Хозяин проковылял до кресла-качалки и заговорил. Поначалу Гарри брезгливо ковырялся в салате (как знать, может, овощи там напополам со старческими ногтями?), но потом увлёкся и ел с аппетитом. Да и рассказ был занимательный.
— На заре нового, 16-го, века я получил место матроса в команде самого Христофора Колумба, — начал своё повествование старик…
Гарри мысленно сделал акцент на «16-м веке» и «команде Колумба», но от комментариев воздержался. Более всего юный Педро ценил свободу и независимость. Жажда приключений заставила покинуть его солнечную Кастилию и отправиться навстречу великим испытаниям… Но тогда он ещё не знал, КАКИМ. Дабы набрать желающих в команду Колумба, распускали слухи, что путешествие будет приятным, словно прогулка по дворцовому парку. Нельзя сказать, чтобы Педро купился. Однако не предполагал, что будет ТАК трудно прижиться в стае морских волков, каковыми являлись прожжённые мореманы. Они считали молодого матросика букашкой, всячески насмехались над ним, придумывая тысячу бесполезных и глупых занятий… Зато благодаря флотской выучке Педро враз стал самостоятельным: научился латать одежду и готовить. Карабкался по вантам с ловкостью обезьяны и давал отпор желающим над ним поглумиться. На борту корабля донельзя обострились его чувства. Запах с камбуза Педро улавливал из трюма, а услышать, о чём говорят в рубке капитана, мог из своей каюты. Мог увидеть кита с расстояния двух миль!.. Да и много чего. Этим он снискал уважение среди бывалых мореплавателей, и они оставили его в покое. Но по-настоящему силу своих ощущений Педро осознал во время первого в его жизни шторма. Их корабль, казалось, вырвался на волю. Попал наконец в свою стихию. Он будто зажил собственною жизнью, освободившись от докучливых людишек. «Святая Мария» то взлетала вверх на головокружительную высоту, то падала вниз как с отвесной скалы. И было непонятно, как это до сих пор она не выплюнула оставшихся моряков за борт. Искатель приключений Педро элементарно струсил.

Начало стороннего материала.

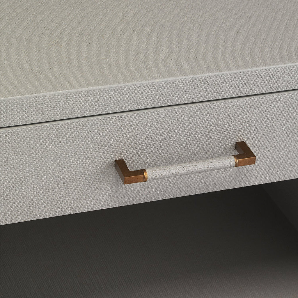Interlude Home's worldly style brings what's now and next to the home with high fashion designed for everyday function. The clean lines of the Taylor Bedside Chest are transformed into a statement piece thanks to the texture of light gray o and metal pulls in antique brass.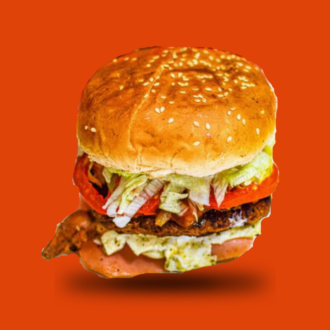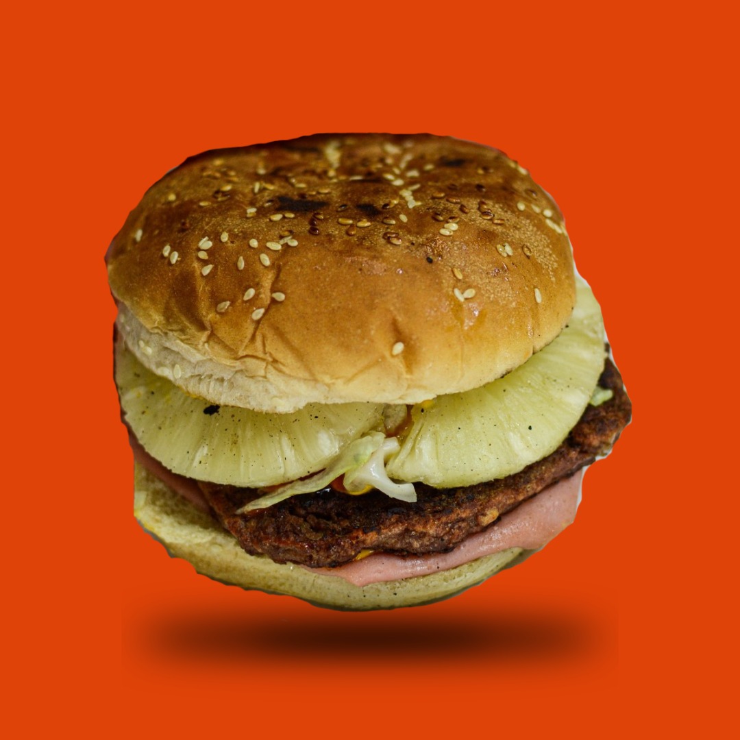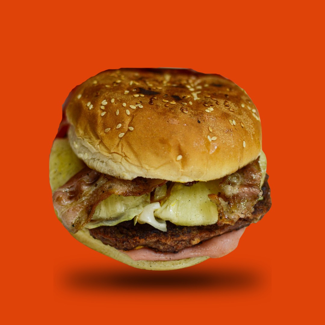 2 carnes, 3 panes, tocino, jamón, piña, lechuga, jitomate, cebolla,picante, catsup, mostaza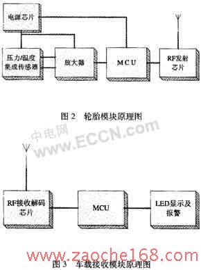 该系统的基本工作原理如下,把轮胎模块装置在轮胎内,压力和温度传感器检测轮胎内部当前的应力和温度信息,获得的模拟信号经过A/D变换器转换成数字信号,然后通过射频发射器发送出去。车载接收模块装置在驾驶室内,射频接收器接收来自轮胎模块的应力和温度信息,当轮胎压力过高或者过低时,通过显示和报警装置发出报警信息。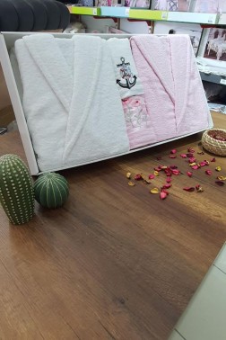 Family Embroidered Bathrobe Set 4 pcs, Bathrobe M-L, Towels 90x50 cm Cotton Pink White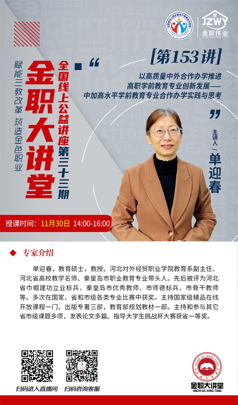 11月30日,金職大講堂將開啟第三十三期第153講,課程將邀請河北對外經(jīng)貿(mào)職業(yè)學(xué)院單迎春教授,進(jìn)行《以高質(zhì)量中外合作辦學(xué)推進(jìn)高職學(xué)前教育專業(yè)創(chuàng)新發(fā)展——中加高水平學(xué)前教育專業(yè)合作辦學(xué)實(shí)踐與思考》主題授課。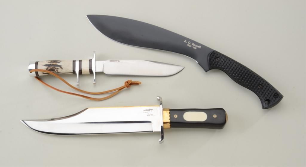 Lot of 3 modern knives including an A.G. Russell bolo style large knife with leather sheath in like new condition; a Blackjack Classic by Knifeware, Greenville, WV with leather sheath in like new condition withdouble cross guard and stag grip and a massive clip point modern bowie knife by Gil Hibben of La Grange, KY with inlaid wood grip, brass accented rib and leather sheath in like new condition approx. 15-1/2” overall with an approx. 10-12” blade. Est.: $500-$700.

И зачем это его понесло на край света? Верно говорят: что имеем не храним, потерявши — плачем. Он не хотел умирать вдали от милой Кастилиьи. Боялся смерти. Педро поклялся: если только он уцелеет, в ближайшем же порту сойдёт на берег и никогда больше не ступит на палубу корабля. Педро упал на колени и стал молиться. Он молился истово. До тех пор, пока не впал в состояние, близкое к нирване. За стеной ливня ему вдруг почудилось лицо Громовержца, готового выпустить в насмерть перепуганного Педро огненную стрелу.

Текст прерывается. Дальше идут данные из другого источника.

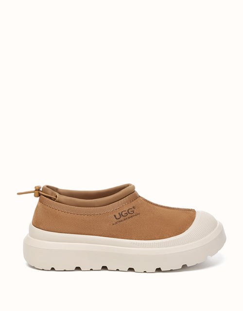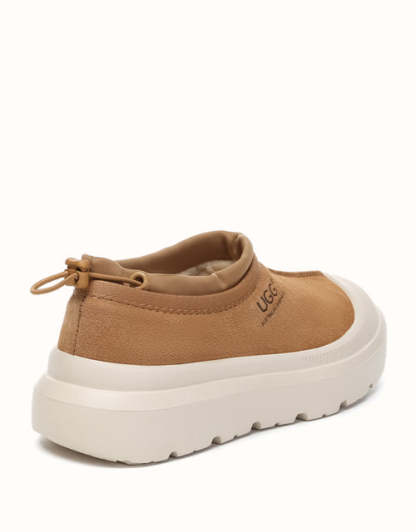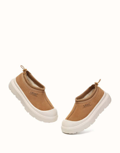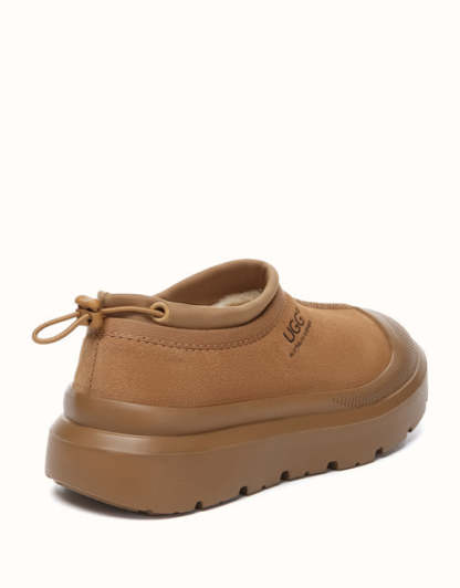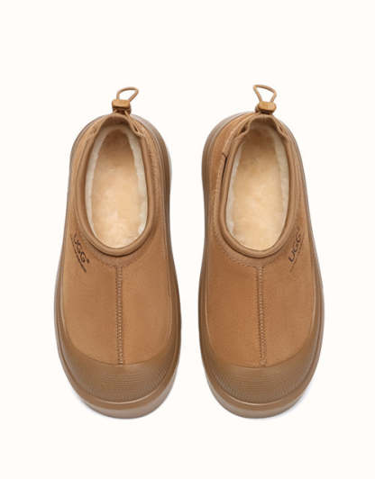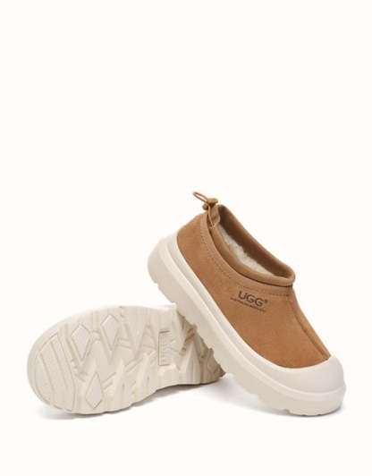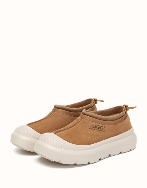 Enjoy both functionality and cozy warmth with the Australian Shepherd Drawstring Harlow UGthtG slippers. Crafted from sturdy cow suede and fully lined with plush Australian sheepskin wool, these slippers provide breathable comfort and lasting warmth throughout the day. Featuring a contemporary two-tone style and a sporty wraparound sole edge, they bring a modern twist to a timeless design. Available in Chestnut and Beige White, they��re ideal for men and women alike and make a thoughtful gift for friends and family.

— Не убивай меня! — взмолился он. — Я сделаю всё, что попросишь!
— Ты украдёшь для меня золотую стрелу Майи и будешь проклят навеки. Либо умрёшь сейчас незапятнанный, — поставил ему условие сын Олимпа.
Педро смотрел на божество, как кролик на удава.
— Ты понял меня, ничтожный? — взревел плод его видений.
— Почему я? — заплакал юноша. — Почему-у?
С ним случилась истерика. Он выл и катался по скользкому от дождя полу, пока не разверзлось небо, и не вонзился в доски палубы пучок раскалённых стрел. Во власти припадка Педро, не ведая, что творит, выдернул стрелы и, запрокинув голову, прокричал:
— Я выбираю жизнь!
— Ты сделал выбор. Да будет так! — грохот стихий сменился шумом дождя, а потом и вовсе всё стихло. Установился полный штиль.
Команда мало-помалу приходила в себя. Корабль обуздали. А Педро слёг с сильнейшим приступом лихорадки. Оклемался он только у берегов Южной Америки. Помнил это, как сейчас. К нему ворвался его дружок Карлос и выпалил:
— Земля! — и, захлёбываясь от волнения, потряс его за плечо. — Ты понимаешь? — Земля!